One of the most significant divergences is in the realm of critical thinking and genuine reasoning. LLMs excel at surface-level pattern recognition. They can identify correlations and reproduce arguments, but they often lack the capacity for deep causal understanding or the ability to reason beyond the explicit patterns in their training data. This is why they sometimes “confabulate”—generating plausible-sounding but ultimately fabricated information—rather than “hallucinate” in a way that might suggest a flawed internal model attempting to make sense of novel input. Confabulation in LLMs is more about stitching together plausible linguistic sequences that fit the statistical profile, even if they lack factual grounding.
Moreover, LLMs are fundamentally tethered to their text-based input. They cannot process or generate information in the rich, multimodal ways that humans do. A child learns about the world not just through words, but through seeing, hearing, touching, tasting, and interacting. This embodied, dynamic learning process is essential for developing a robust understanding of causality, spatial relationships, and social dynamics—areas where LLMs are significantly constrained.
The verdict on LLMs as comprehensive models of the human mind is clear: they are powerful linguistic tools, invaluable for tasks involving language processing and generation.

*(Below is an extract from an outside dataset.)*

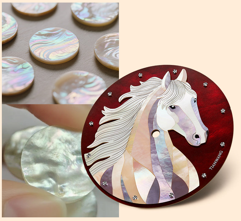 The centerpiece is a breathtaking dial, meticulously handcrafted using natural mother-of-pearl. The intricate inlay technique creates a shimmering, multi-dimensional depiction of the majestic horse, ensuring that no two watches are exactly alike.

However, their limitations in fundamental areas—continuous learning, embodied experience, causal understanding, and genuine reasoning—render them inadequate as direct analogies for human cognition. To fall into the trap of LLMorphism is to risk a profound misunderstanding of ourselves, potentially leading to misguided societal expectations, educational reforms, and ethical frameworks. We must resist the temptation to see our own intelligence reflected in the statistical mirror of LLMs, and instead, continue to explore and celebrate the unique, multifaceted nature of human consciousness.